PROMPT: Copy out every line holding the string "When" from the records below.

[[ DATA IN THIS EXERCISE, beginning ]]

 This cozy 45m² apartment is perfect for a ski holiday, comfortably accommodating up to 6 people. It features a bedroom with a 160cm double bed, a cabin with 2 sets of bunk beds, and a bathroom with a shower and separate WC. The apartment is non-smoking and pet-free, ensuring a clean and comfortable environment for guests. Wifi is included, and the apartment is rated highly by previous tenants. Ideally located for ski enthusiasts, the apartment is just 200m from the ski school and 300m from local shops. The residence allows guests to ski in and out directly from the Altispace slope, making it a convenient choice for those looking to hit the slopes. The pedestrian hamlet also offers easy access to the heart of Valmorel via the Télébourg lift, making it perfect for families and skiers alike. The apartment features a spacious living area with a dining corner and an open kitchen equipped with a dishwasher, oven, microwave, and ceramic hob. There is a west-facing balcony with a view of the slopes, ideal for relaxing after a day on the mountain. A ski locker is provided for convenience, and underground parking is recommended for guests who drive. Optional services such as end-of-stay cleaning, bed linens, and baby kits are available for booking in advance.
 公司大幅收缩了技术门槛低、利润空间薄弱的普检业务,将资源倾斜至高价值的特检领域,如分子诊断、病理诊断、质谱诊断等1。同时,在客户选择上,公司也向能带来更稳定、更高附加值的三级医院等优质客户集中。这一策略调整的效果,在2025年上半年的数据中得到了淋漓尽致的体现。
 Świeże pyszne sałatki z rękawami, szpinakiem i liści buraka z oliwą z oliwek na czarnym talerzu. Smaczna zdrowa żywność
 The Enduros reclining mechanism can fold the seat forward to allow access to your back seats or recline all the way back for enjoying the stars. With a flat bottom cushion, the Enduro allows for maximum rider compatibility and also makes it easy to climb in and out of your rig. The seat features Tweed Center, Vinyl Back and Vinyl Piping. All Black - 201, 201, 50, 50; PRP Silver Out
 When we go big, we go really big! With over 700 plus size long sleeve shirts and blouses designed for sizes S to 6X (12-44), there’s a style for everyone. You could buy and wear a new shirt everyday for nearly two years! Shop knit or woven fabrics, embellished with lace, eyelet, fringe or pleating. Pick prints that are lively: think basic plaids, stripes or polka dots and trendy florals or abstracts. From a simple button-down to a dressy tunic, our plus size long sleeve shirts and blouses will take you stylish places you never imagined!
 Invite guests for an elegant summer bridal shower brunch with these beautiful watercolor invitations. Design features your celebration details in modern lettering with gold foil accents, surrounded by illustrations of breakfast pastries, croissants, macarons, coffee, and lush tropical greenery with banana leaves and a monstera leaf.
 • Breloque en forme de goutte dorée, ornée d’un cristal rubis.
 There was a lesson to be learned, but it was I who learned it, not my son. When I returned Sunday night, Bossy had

[[ DATA IN THIS EXERCISE, end ]]

OUTPUT OF THE EXERCISE:
 When we go big, we go really big! With over 700 plus size long sleeve shirts and blouses designed for sizes S to 6X (12-44), there’s a style for everyone. You could buy and wear a new shirt everyday for nearly two years! Shop knit or woven fabrics, embellished with lace, eyelet, fringe or pleating. Pick prints that are lively: think basic plaids, stripes or polka dots and trendy florals or abstracts. From a simple button-down to a dressy tunic, our plus size long sleeve shirts and blouses will take you stylish places you never imagined!
 There was a lesson to be learned, but it was I who learned it, not my son. When I returned Sunday night, Bossy had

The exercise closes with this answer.